■ TASK TO COMPLETE
Print every line below exactly as written, but leave the pictures behind.

[Items from a dataset]
-------------------------
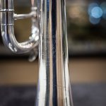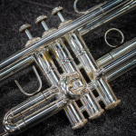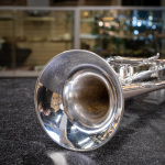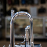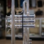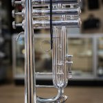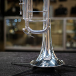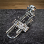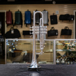 Used 1996 Bach Stradivarius 180S37 Bb trumpet in good condition. We gave this well-used horn a professional cleaning and precision valve alignment, and we found valve compression best with a thicker oil like Berp 3. Cosmetically, it's got some wear -- plating loss at the contact points on the valve casings and third slide, as well as evidence of repairs here and there, and a tiny bit of red rot in the leadpipe and main tuning slide (easily managed with proper care). The valve action is very good, and it plays with a rich tone that skews a little to the darker side. Response and intonation are both very good. This is an excellent all-around horn for the advancing student or pro on a budget. No case.
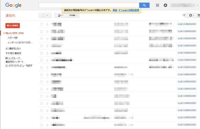最初icloudの出力ファイルをそのまま読ませてみると、エラーとなった。どうもファイル名にスペースが入っているのが怪しいと思い、 ファイル名をスペースのないものに変更し、もう一度読ませてみると、うまく取り込めた。若干の一手間を入れなきゃいけないようだ。 ひとまず連絡先の移行はWEB側は出来た。
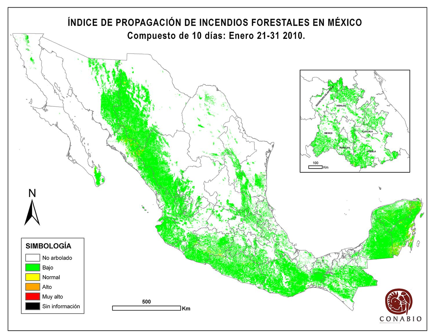 Indica el riesgo de propagación de incendios forestales. Se basa exclusivamente en el vigor de la vegetación, cuanto más seca está la vegetación, más rápido se podrá extender el posible fuego (incendio). Los valores para el índice son: Bajo -> Normal -> Alto -> Muy alto NA (No aplica) se refiere al agua, vegetación no arbolada y los usos de suelo mostrados en gris. ND (No disponible) indica que no hubo información para generar el índice. |
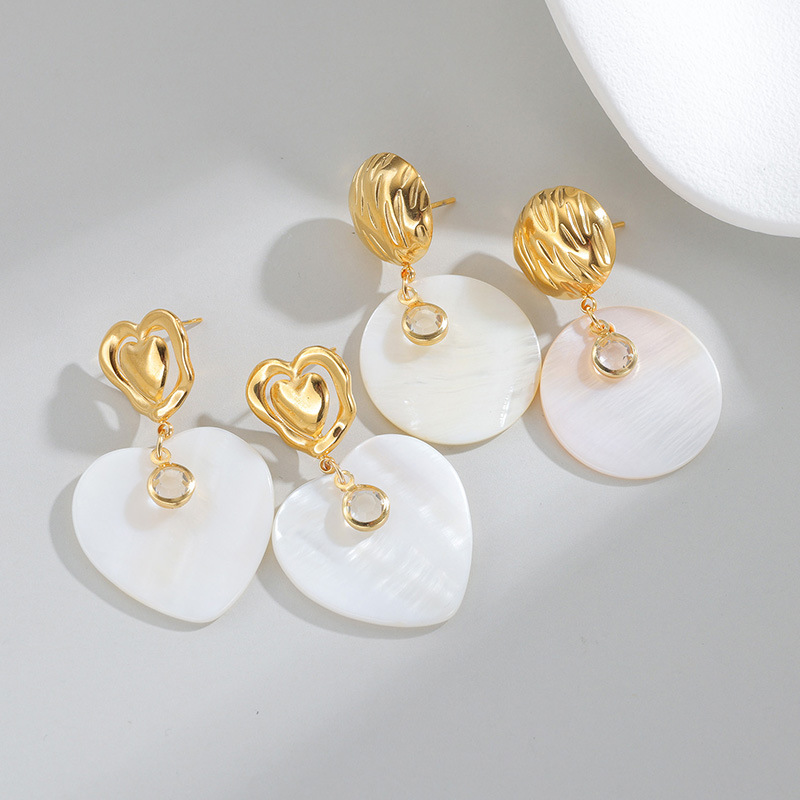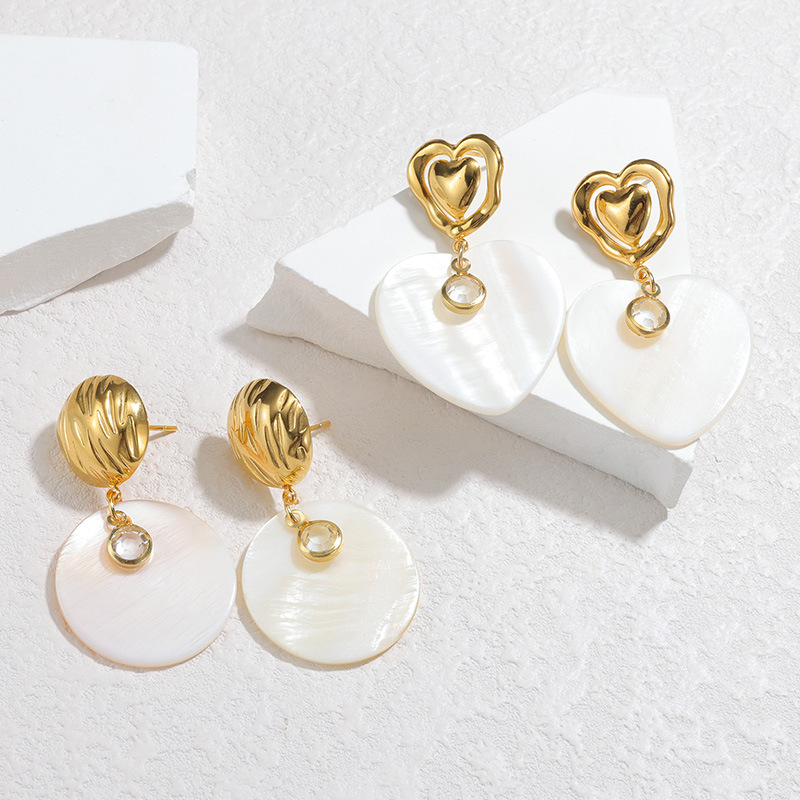 Cruach dhosmálta Buail Earring, 304 Cruach dhosmálta, le Bán Shell, plátáilte, stíleanna éagsúla do rogha & do bhean & le rhinestone, órga, Díolta De réir Péire
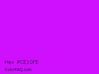 Hex #ce10fe Color is a normal purple color and the nearest color is Vivid Orchid #cc00ff. Hex code #ce10fe and RGB value is rgb(206,16,254). In RGB color space, this color is composed of 81% red, 6% green, 100% blue, In CMYK color space, this color is composed of 19% cyan, 94% magenta, 0% yellow , 0% black , In HSL color space, this color has a hue angle of 288° , 99% saturation and 53% lightness.
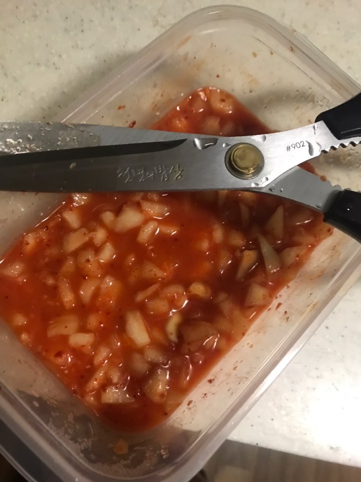 고게 남아서 깍두기 볶음밥을 만들기로 했어요. 도마가 물드는게 싫어서 가위로 잘라줬어요.
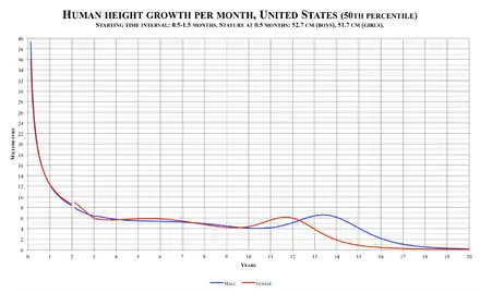Height measurements are by nature subject to statistical sampling errors even for a single individual. In a clinical situation, height measurements are seldom taken more often than once per office visit, which may mean sampling taking place a week to several months apart. The smooth 50th percentile male and female growth curves illustrated above are aggregate values from thousands of individuals sampled at ages from birth to age 20. In reality, a single individual's growth curve shows large upward and downward spikes, partly due to actual differences in growth velocity, and partly due to small measurement errors.
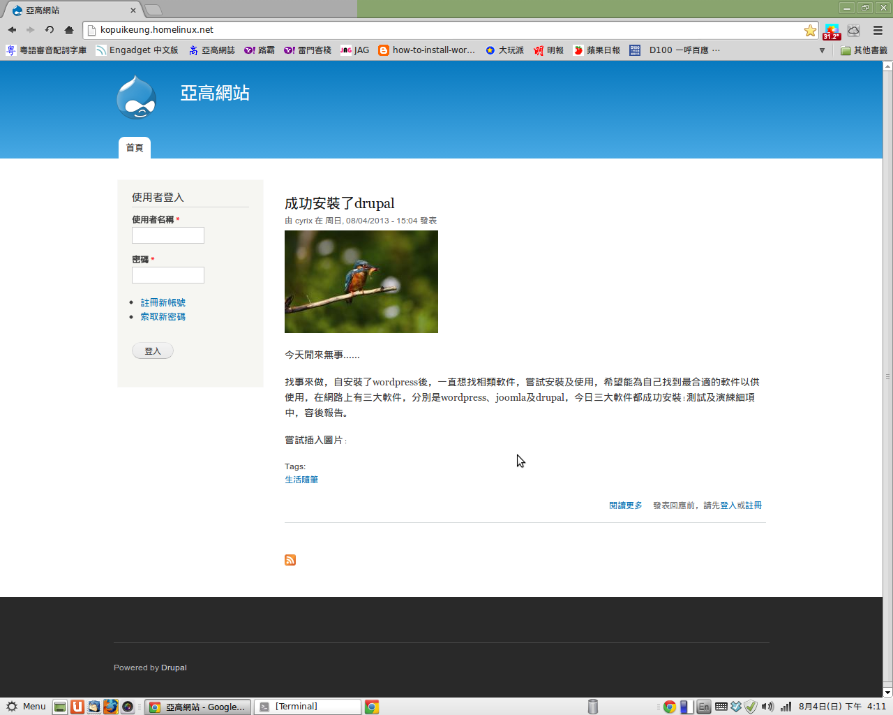 初步感覺還可以,但我覺得用Linux架Wordpress網站,可能更加有效率,但213j勝在體型小,操作十分靜,維護比PC容易。言歸正傳,我新網站的URL是http://kopuikeung.homelinux.net。有興趣歡迎入內參觀﹗
-------------------------
■ ANSWER FOR THIS EXERCISE
 Used 1996 Bach Stradivarius 180S37 Bb trumpet in good condition. We gave this well-used horn a professional cleaning and precision valve alignment, and we found valve compression best with a thicker oil like Berp 3. Cosmetically, it's got some wear -- plating loss at the contact points on the valve casings and third slide, as well as evidence of repairs here and there, and a tiny bit of red rot in the leadpipe and main tuning slide (easily managed with proper care). The valve action is very good, and it plays with a rich tone that skews a little to the darker side. Response and intonation are both very good. This is an excellent all-around horn for the advancing student or pro on a budget. No case.
最初icloudの出力ファイルをそのまま読ませてみると、エラーとなった。どうもファイル名にスペースが入っているのが怪しいと思い、 ファイル名をスペースのないものに変更し、もう一度読ませてみると、うまく取り込めた。若干の一手間を入れなきゃいけないようだ。 ひとまず連絡先の移行はWEB側は出来た。
 Indica el riesgo de propagación de incendios forestales. Se basa exclusivamente en el vigor de la vegetación, cuanto más seca está la vegetación, más rápido se podrá extender el posible fuego (incendio). Los valores para el índice son: Bajo -> Normal -> Alto -> Muy alto NA (No aplica) se refiere al agua, vegetación no arbolada y los usos de suelo mostrados en gris. ND (No disponible) indica que no hubo información para generar el índice. |
 Cruach dhosmálta Buail Earring, 304 Cruach dhosmálta, le Bán Shell, plátáilte, stíleanna éagsúla do rogha & do bhean & le rhinestone, órga, Díolta De réir Péire
 Hex #ce10fe Color is a normal purple color and the nearest color is Vivid Orchid #cc00ff. Hex code #ce10fe and RGB value is rgb(206,16,254). In RGB color space, this color is composed of 81% red, 6% green, 100% blue, In CMYK color space, this color is composed of 19% cyan, 94% magenta, 0% yellow , 0% black , In HSL color space, this color has a hue angle of 288° , 99% saturation and 53% lightness.
 고게 남아서 깍두기 볶음밥을 만들기로 했어요. 도마가 물드는게 싫어서 가위로 잘라줬어요.
Height measurements are by nature subject to statistical sampling errors even for a single individual. In a clinical situation, height measurements are seldom taken more often than once per office visit, which may mean sampling taking place a week to several months apart. The smooth 50th percentile male and female growth curves illustrated above are aggregate values from thousands of individuals sampled at ages from birth to age 20. In reality, a single individual's growth curve shows large upward and downward spikes, partly due to actual differences in growth velocity, and partly due to small measurement errors.
 初步感覺還可以,但我覺得用Linux架Wordpress網站,可能更加有效率,但213j勝在體型小,操作十分靜,維護比PC容易。言歸正傳,我新網站的URL是http://kopuikeung.homelinux.net。有興趣歡迎入內參觀﹗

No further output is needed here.